This is Part 3 of my decision trees series. This time around we are going to code a decision tree in Python. So I’m going to try to make this code as understandable as possible, but if you are not familiar with Object Oriented Programming (OOP) or recursion you might have a tougher time.
To make data handling easier, we are going to be using the wonderful pandas
package, so if you don’t know how to use it I highly recommend you learn to by reading their intro to pandas. (there are also very good tutorials by Chris Albon but they are more focused on a specific feature), but I’ll just quickly go over the most important points. In pandas
tabular data is stored in a DataFrame
and these objects allow us to have named columns and rows and to easily subset data with these names. Ok so let’s create a DataFrame
from a subset of our iris data.
>>> import pandas as pd
>>> iris_df = pd.DataFrame(iris_data, columns = column_names)
>>> iris_df
sepal length (cm) sepal width (cm) petal length (cm) petal width (cm) species
0 5.1 3.5 1.4 0.2 setosa
1 4.9 3.0 1.4 0.2 setosa
2 4.7 3.2 1.3 0.2 setosa
3 4.6 3.1 1.5 0.2 setosa
4 5.0 3.6 1.4 0.2 setosa
Ok so we have our DataFrame
, and now we can select just the species column for example with:
>>> iris_df['species']
0 setosa
1 setosa
2 setosa
3 setosa
4 setosa
Name: species, dtype: object
Or we can get the samples which have $$sepal\ width \leq 3.1$$:
>>> iris_df[iris_df['sepal width (cm)'] <= 3.1]

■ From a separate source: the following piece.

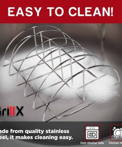 2. Parrilla Antiadherente y Segura para Alimentos: Aquí en GrillX, valoramos profundamente tu salud y seguridad, lo cual se refleja en nuestro compromiso de usar solo materiales de grado alimenticio para nuestra rejilla para costillas. Mientras disfrutas de la experiencia de asar, ten la seguridad de que no habrá productos químicos no deseados interfiriendo con tu comida.
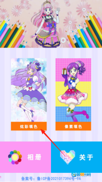 1、偏爱细腻画风的话,点击炫彩填色按钮就能感受类似铅笔手绘的上色质感;若想体验马赛克风格,可选择像素填色模式。这两种填色方式完成的作品,都可以在相册中查看。

sepal length (cm) sepal width (cm) petal length (cm) petal width (cm) species
1 4.9 3.0 1.4 0.2 setosa
3 4.6 3.1 1.5 0.2 setosa
So it is easy to see how this makes understanding what the code is doing easier and that’s why I’m using DataFrame
s instead of arrays and indices. This is however far from all pandas
can do (duh…), and it’s just the basics of the basics.
Representing a tree.
So what is a tree?
A tree is a set of nodes, so we need to define a Node
object which will store some properties about the node, as well as it’s left and right children nodes.
What does a node of our decision tree need?
A pandas DataFrame to represent the training data at this node, the target feature (in the case of our iris example that would be the “species” feature). We need to have a left and right child as well, and if the node is a leaf node it needs to be able to give a prediction. This gives us the following Node
class definition, where we feed the dataframe as well as the target feature upon initialization.
class Node:
def __init__(self, data, target):
self.data = data # Dataframe with features and target
self.target = target # name of target
self.left = None
self.right = None
self.prediction = None
Ok so now we have our Node
class, how do we represent a tree? where do we keep all the nodes we will need. Well actually we do not need to create a Tree
class:
since each node stores its left and right children, we can access any and all nodes of the tree from the root node. So the whole tree can just be represented by the root node. For example if we want to get the versicolor node in our simple tree we can access it from the root node with: root.right.left
getting the splits
Ok, so we can just concentrate ourselves on the Node
class. So if you remember how the algorithm works (if not here is the post where I explain it), we are going to need a way to find splits in our data. As we said in previous parts, there are categorical and numerical splits, so we need a way to determine if a feature is categorical or numerical, fortunately pandas
has us covered, and we can make a simple function:
from pandas.api.types import is_categorical, is_string_dtype, is_bool
def check_categorical(data):
return is_categorical(data) | is_string_dtype(data) | is_bool(data)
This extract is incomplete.